I feel so guilty writing this but I don’t know how to proceed. My eldest son is six, nearly 7. I love him & my love for him is unconditional....but I don’t always like him. He’s a complex, emotional character, very intense & more often than not his glass is half-empty. I do so much for him, & with him, but he’s never content. He’s clever, and unfortunately this often manifests in social manipulation.
He plays people off against one another, & his idea of humour is to purposefully agitate others, doing or saying things that he knows will get a negative reaction. He’ll whine and verbally agitate until people snap ... & it’s not as if he’s lacking in attention or bored. I take him out, to the park, to swimming, he has play dates with friends from school.
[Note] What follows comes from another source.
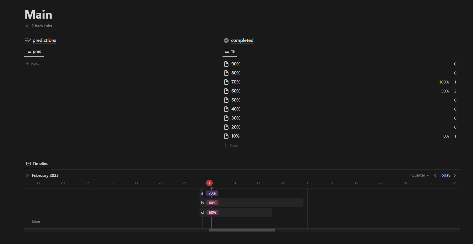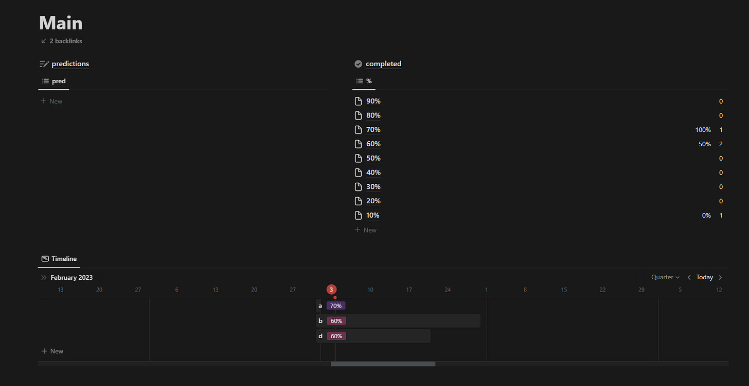 I'll share my Notion template in case someone wants to use it (If you don't care about using Notion specifically, Fatebook, Manifold, or other apps are probably a better tracking option).

I make sure I give him one-on-one time as well - I took him to the local farms over Oct half term where we spent whole days looking round/doing activities.
He has a sweet side & is a very good big brother (my other son is 2.)
I think what’s alarming me about my feelings is 1) I’ve never really found him enjoyable to be around, & I don’t feel easy in his company. I could give him the world on a late & he’d find something to moan about.
- His peers find him difficult to be around - the games he initiates have to be his way. He’s always in a fight to be the one in control. Other kids get tired of his intensity & tell him to leave them alone. He just annoys them, in the same way he annoys me.
I’m beginning to think it’s personality rather than social conditioning, as his brother is the polar opposite - laid back, happy-go-lucky, content to be loved & just happy in his own skin.
I hate the way I feel about him but he just stresses me out. I can only deal positively with him in short doses & then I want to get away. It’s also alarming to see others reacting to him in the ways that sum up how I feel most of the time. I realise he’s a child & I do show him lots of love & cuddles. I just find him very high maintenance & I worry that others do too.